Firefighters run past cars damaged by the blasts in Tianjin

Explosions in Tianjin devastate Chinese car import hub

Carmakers are scrambling to assess damage to cars and facilities after two massive explosions in the Chinese port city of Tianjin.

The city is China's largest automotive import hub - roughly 40 per cent of cars imported to China pass through Tianjin's port, which equated to more than half a million units in 2014, according to the official Xinhua news agency.

Late on Wednesday night, blasts so strong that they damaged buildings several kilometres away destroyed a warehouse storing volatile chemicals, killing at least 54 people, including a dozen fire fighters, state media has confirmed. A further 700 people were injured.

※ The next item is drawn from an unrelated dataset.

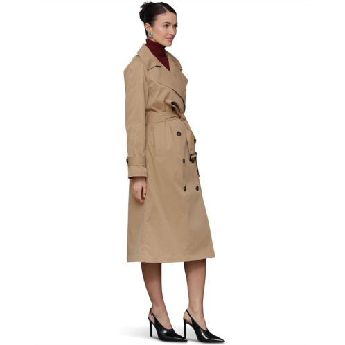- Top off your look and stay cozy in this Avec Les Filles Oversized Trench Coat. Unlined, all edges of the coat are merrowed. This double-breasted trench coat has a storm flap in the back, two handy side pockets, and a removable tie belt. It is styled with long sleeves, buttoned cuffs, a collared neckline, and a straight hem. The buttoned front closure ensures easy wear. This button-down trench coat makes a stylish addition to your wardrobe.

Nearly 1,500 imported cars stored in a warehouse by Renault had been burned, according to the French carmaker, while Toyota said the blasts broke windows at its car assembly, logistics and research buildings, which are jointly run with China FAW Group.

No one at the Toyota facilities was injured as they had been closed for a week-long summer holiday, but a spokesman at Japan's biggest carmaker declined to say whether it could resume production as normal from Monday.

"In our current view, the damage isn't that severe," a China-based Toyota spokesman said.

Photographs from the scene of the explosion showed rows of Beetles and other VW brand cars badly scorched and the German automaker conceded that some of its imported cars were damaged, though it does not know exactly how many had been affected.

"We have a task force in the area to find out more and which is primarily concerned with the wellbeing of our employees," a VW spokeswoman said.

More than 100 Subaru cars that were imported from Japan and were awaiting customs clearance in a warehouse had been damaged by broken windows. The warehouse, which does not belong to parent company Fuji Heavy Industries, is about 2km from the blast site, it said.

South Korea's Hyundai Motor and Kia Motors had a total of 4,000 cars near the blast site, but did not have specific details on the extent of damage, the companies said. BMW said it has two vehicle distribution centres near the port, but the damage was unknown as the area had been cordoned off by authorities.

Mazda Motor said over 50 cars imported from Japan were also damaged, with peeling paint and scratches. One nearby showroom was shut on Thursday after its windows shattered, it said.

Shipping giant Nippon Yusen KK said it could not assess damage at a terminal it operates in Tianjin because the area was off-limits, adding that a few workers sustained minor injuries at an affiliated car distribution company, which was also closed off.